DATA PROVIDED:

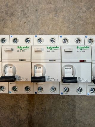 Se venden varios interruptores diferenciales Schneider de 25A. Precio por unidad - Marca: Schneider Electric - Intensidad: 25A - Tipo: Interruptor diferencial
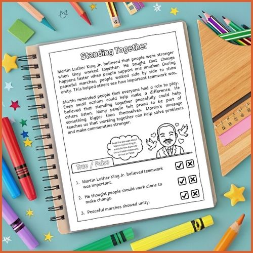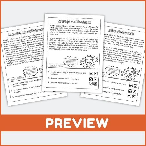 Introduce children to the inspiring life and message of Martin Luther King Jr with Martin Luther King Jr Reading Comprehension Worksheets – Black History Month True or False Activities for Kids. These worksheets are perfect for Elementary School, Kindergarten (K), 1st Grade, 2nd Grade, 3rd Grade, 4th Grade, and 5th Grade students. Each page contains a short passage about Martin Luther King Jr and is followed by True or False questions, making learning engaging and interactive. These Martin Luther King Jr Reading Comprehension Worksheets – Black History Month True or False Activities for Kids are designed to help students improve reading comprehension, critical thinking, and knowledge about civil rights history. The activities are ideal for classrooms in the United States, Canada, the United Kingdom, Australia, and other English-speaking countries. Children in Kindergarten, 1st Grade, 2nd Grade, 3rd Grade, 4th Grade, and 5th Grade can easily follow the instructions and mark their answers with colors, circles, or checkmarks. Teachers and parents will love using Martin Luther King Jr Reading Comprehension Worksheets – Black History Month True or False Activities for Kids for engaging lessons during Black History Month or as part of a social studies curriculum. These worksheets encourage young learners in Elementary School, Kindergarten, 1st Grade, 2nd Grade, 3rd Grade, 4th Grade, and 5th Grade to develop reading skills while learning about Martin Luther King Jr’s life, actions, and message of equality and kindness.
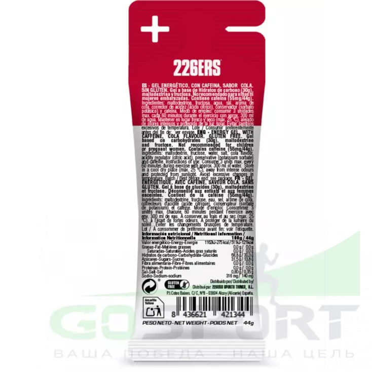 226ERS High Fructose Gel 250 mg + caffeine 55 mg 44 г, Кола — Заряд энергии и выносливость
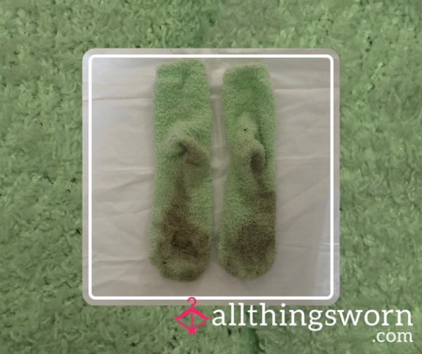 Soft mint fluff, innocent to the eye but filthy once you know where they’ve been. These socks wrapped around my feet for 24 hours, soaking up sweat, warmth, and scent until they became something far darker than cozy. Every step fed them with me, every shift staining the fibres with heat.

WHAT YOU SHOULD DO:
Transcribe the listing above in full. Pictures are not part of the copy.

PROBLEM SOLUTION:
 Se venden varios interruptores diferenciales Schneider de 25A. Precio por unidad - Marca: Schneider Electric - Intensidad: 25A - Tipo: Interruptor diferencial
 Introduce children to the inspiring life and message of Martin Luther King Jr with Martin Luther King Jr Reading Comprehension Worksheets – Black History Month True or False Activities for Kids. These worksheets are perfect for Elementary School, Kindergarten (K), 1st Grade, 2nd Grade, 3rd Grade, 4th Grade, and 5th Grade students. Each page contains a short passage about Martin Luther King Jr and is followed by True or False questions, making learning engaging and interactive. These Martin Luther King Jr Reading Comprehension Worksheets – Black History Month True or False Activities for Kids are designed to help students improve reading comprehension, critical thinking, and knowledge about civil rights history. The activities are ideal for classrooms in the United States, Canada, the United Kingdom, Australia, and other English-speaking countries. Children in Kindergarten, 1st Grade, 2nd Grade, 3rd Grade, 4th Grade, and 5th Grade can easily follow the instructions and mark their answers with colors, circles, or checkmarks. Teachers and parents will love using Martin Luther King Jr Reading Comprehension Worksheets – Black History Month True or False Activities for Kids for engaging lessons during Black History Month or as part of a social studies curriculum. These worksheets encourage young learners in Elementary School, Kindergarten, 1st Grade, 2nd Grade, 3rd Grade, 4th Grade, and 5th Grade to develop reading skills while learning about Martin Luther King Jr’s life, actions, and message of equality and kindness.
 226ERS High Fructose Gel 250 mg + caffeine 55 mg 44 г, Кола — Заряд энергии и выносливость
 Soft mint fluff, innocent to the eye but filthy once you know where they’ve been. These socks wrapped around my feet for 24 hours, soaking up sweat, warmth, and scent until they became something far darker than cozy. Every step fed them with me, every shift staining the fibres with heat.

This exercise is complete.